2025-04-23 アメリカ国立衛生研究所 (NIH)
<関連情報>
- https://www.nih.gov/news-events/news-releases/nih-researchers-supercharge-ordinary-clinical-device-get-better-look-back-eye
- https://www.nature.com/articles/s43856-025-00803-z
人工知能が支援する臨床蛍光イメージングにより、補償光学眼底鏡検査に匹敵する生体内細胞解像度が達成された Artificial intelligence assisted clinical fluorescence imaging achieves in vivo cellular resolution comparable to adaptive optics ophthalmoscopy
Joanne Li,Jianfei Liu,Vineeta Das,Hong Le,Nancy Aguilera,Andrew J. Bower,John P. Giannini,Rongwen Lu,Sarah Abouassali,Emily Y. Chew,Brian P. Brooks,Wadih M. Zein,Laryssa A. Huryn,Andrei Volkov,Tao Liu & Johnny Tam
Communications Medicine Published:23 April 2025
DOI:https://doi.org/10.1038/s43856-025-00803-z
Abstract
Background
Advancements in biomedical optical imaging have enabled researchers to achieve cellular-level imaging in the living human body. However, research-grade technology is not always widely available in routine clinical practice.
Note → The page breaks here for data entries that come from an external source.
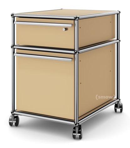 Caisson à roulettes USM Haller avec cadre pour dossiers suspendus, Serrure uniquement sur le tiroir A6, Beige USM
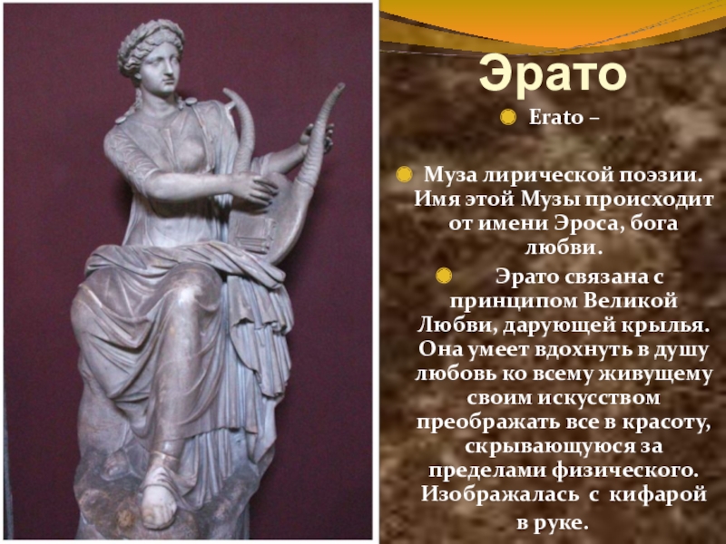 Эрато связана с принципом Великой Любви, дарующей крылья. Она умеет вдохнуть в душу любовь ко всему живущему своим искусством преображать все в красоту, скрывающуюся за пределами физического. Изображалась с кифарой
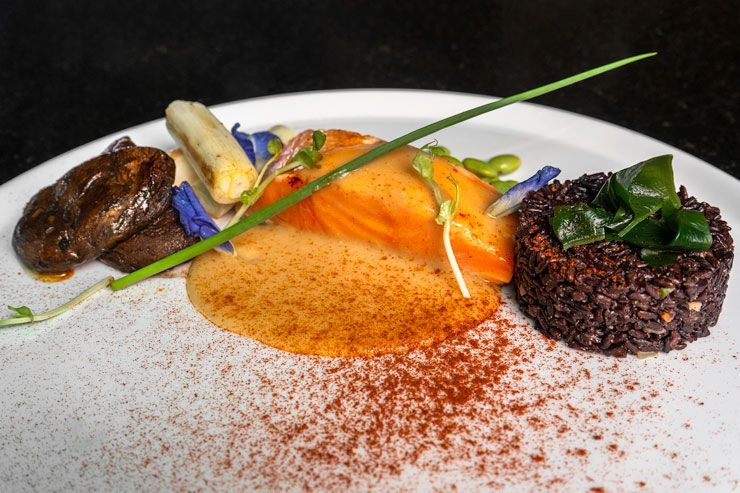 ปลาแซลมอนย่างเสิร์ฟซอสมิโซะ ที่ห้องอาหาร เรเดียส เคป ดารา รีสอร์ท พัทยา

In this paper, we incorporated artificial intelligence (AI) with standard clinical imaging to successfully obtain images of the retinal pigment epithelial (RPE) cells in living human eyes.
Methods
Following intravenous injection of indocyanine green (ICG) dye, subjects were imaged by both conventional instruments and adaptive optics (AO) ophthalmoscopy. To improve the visibility of RPE cells in conventional ICG images, we demonstrate both a hardware approach using a custom lens add-on and an AI-based approach using a stratified cycleGAN network.
Results
We observe similar fluorescent mosaic patterns arising from labeled RPE cells on both conventional and AO images, suggesting that cellular-level imaging of RPE may be obtainable using conventional imaging, albeit at lower resolution. Results show that higher resolution ICG RPE images of both healthy and diseased eyes can be obtained from conventional images using AI with a potential 220-fold improvement in time.
Conclusions
The application of using AI as an add-on module for existing instrumentation is an important step towards routine screening and detection of disease at earlier stages.
Plain language summary
Advanced imaging methods that allow single cells to be seen in the living human eyes are not always available to ophthalmologists working in the clinic. We combined artificial intelligence (AI) with standard clinical imaging to visualize cells within the retina, a part of the eye, that are critical for maintaining vision and having healthy eyes. We found the cells could be seen using a commonly used fluorescent dye and standard clinical imaging equipment augmented with AI. The resulting AI images are comparable to those acquired using advanced imaging technology. By making cellular-level information more readily available in routine clinical practice, it may be possible to detect diseases earlier.